The manuscript entitled " Ultrahigh-capacity Lithium Metal Batteries Based on Multi-electron Redox Reaction of Organopolysulfides including Conductive Organic Moieties” reported a organopolysulfides as the cathode materials for lithium batteries. See detailed comments below:

1.     The authors mentioned enhanced electrical conductivity of organopolysulfide due to n-pai conjugation, it would be necessary to actually measure the material level electrical conductivity via two-probe or four-probe methods, some reference samples such as pure S8 would also be important to verify the description.

2.     If the synthesized materials has enhanced electrical conductivity, then it might not be necessary to apply 50wt% carbon conductive agent into the slurry. The authors may try less conductive agent and verify the performance.

3.     3a sample was worse than 3ab sample in Figure 2 but became better in Figure 3. More discussion and explanations are quite necessary here.

4.     The capacity comparison should be within sulfur related cathode rather than LiCoO2. LiCoO2 has advantages in many other aspects rather than specific capacity.

Author Response

Reviewer 1

Comments: The manuscript entitled " Ultrahigh-capacity Lithium Metal Batteries Based on Multi-electron Redox Reaction of Organopolysulfides including Conductive Organic Moieties” reported an organopolysulfides as the cathode materials for lithium batteries. See detailed comments below:

1. The authors mentioned enhanced electrical conductivity of organopolysulfide due to n-pai conjugation, it would be necessary to actually measure the material level electrical conductivity via two-probe or four-probe methods, some reference samples such as pure S8 would also be important to verify the description.

Answer

Thank you for your comments. We could not measure the electrical conductivity of the organopolysulfide and S₈ by four-probe methods. However, as shown in Figure S9, we believe that the organopolysulfide showed the better electrical conductivity because the battery using 70 wt% of organopolysulfide cathode exhibited a sufficient initial capacity of 700 mAh g^-1.

2. If the synthesized materials have enhanced electrical conductivity, then it might not be necessary to apply 50 wt%carbon conductive agent into the slurry. The authors may try less conductive agent and verify the performance.

Answer

Thank you for your comments. We added the discharge-charge curves of the battery including 70 wt% of 3ab (carbon agent: 20 wt%, PVDF: 10 wt%). The plateaus at 2.5 and 2.0 V showed that even a large amount of 3ab showed the redox reaction based on its sulfur chains. Therefore, we modified and added the sentences as follows.

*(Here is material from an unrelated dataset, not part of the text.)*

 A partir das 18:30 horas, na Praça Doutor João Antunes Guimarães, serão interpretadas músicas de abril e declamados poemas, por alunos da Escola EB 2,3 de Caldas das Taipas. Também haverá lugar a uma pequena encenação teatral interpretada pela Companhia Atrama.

After (Page 6, Line 194-195)

The weight ratios of an organosulfide, carbon black, and PVDF were 30 : 50 : 20 and 70 : 20 : 10.

Before (Page 6, Line 191-192)

The weight ratios of an organosulfide, carbon black, and PVDF were 30 : 50 : 20.

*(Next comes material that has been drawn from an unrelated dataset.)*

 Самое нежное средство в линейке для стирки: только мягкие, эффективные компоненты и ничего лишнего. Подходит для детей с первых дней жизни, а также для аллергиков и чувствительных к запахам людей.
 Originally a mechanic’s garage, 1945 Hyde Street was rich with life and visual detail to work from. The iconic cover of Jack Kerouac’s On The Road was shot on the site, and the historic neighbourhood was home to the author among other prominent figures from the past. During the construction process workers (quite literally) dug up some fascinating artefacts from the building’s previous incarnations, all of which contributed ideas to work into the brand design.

Added sentences (Page 8, Line 259-261)

Furthermore, the battery including 70 wt% of 3ab exhibited a capacity of 712 mAh g^-1, which corresponds to 65.0% of the capacity of 30 wt% of 3ab (Figure S11).

3. 3a sample was worse than 3ab sample in Figure 2 but became better in Figure 3. More discussion and explanations are quite necessary here.

Thank you for your comments. This might be caused by the π-π interaction between CNT and dithiole-2-thione moieties, which enhanced the conductivity of 3ab more effectively than that of 3a. 3ab had the shorter sulfur chains than 3a at the last cycle because a larger amount of soluble Li_xS was released from the more reactive sulfur chains in 3ab, resulting in the lower capacity. Therefore, we added the sentences as follows.

Added sentences (Page 9, Line 287-290)

In addition, the π-π interaction between CNT and dithiole-2-thione moieties, which enhanced the conductivity of 3ab more effectively than that of 3a, might induce release of a larger amount of soluble Li_xS from 3ab, resulting in the shorter sulfur chain and the lower capacity of 3ab.

4. The capacity comparison should be within sulfur related cathode rather than LiCoO₂. LiCoO₂ has advantages in many other aspects rather than specific capacity.

Thank you for your suggestion. We compared the battery performances of the organopolysulfides to that of other polymers including sulfur chains as shown in Table S1. Also, we modified the sentences as follows.

After (Page 8, Line 251-253)

The initial capacities of 3a and 3ab were equal to those of previous reported conductive polymers with sulfur chains.[25-27]

Before (Page 6, Line 169-170)

The initial capacities of 3a and 3ab, and 3’ab were 5.36, 7.83, and 2.21 times as high as the capacities of LiCoO₂ (around 140 mAh g^-1).

Added references

25. Shi Chao, Z.; Lan, Z.; Jinhua, Y. Preparation and Electrochemical Properties of Polysulfide Polypyrrole. Power Sources 2011, 196, 10263–10266.
26. Dai, S.; Feng, Y.; Wang, P.; Wang, H.; Liang, H.; Wang, R.; Linkov, V.; Ji, S. Highly Conductive Copolymer/Sulfur Composites with Covalently Grafted Polyaniline for Stable and Durable Lithium-Sulfur Batteries. Acta 2019, 321, 134678.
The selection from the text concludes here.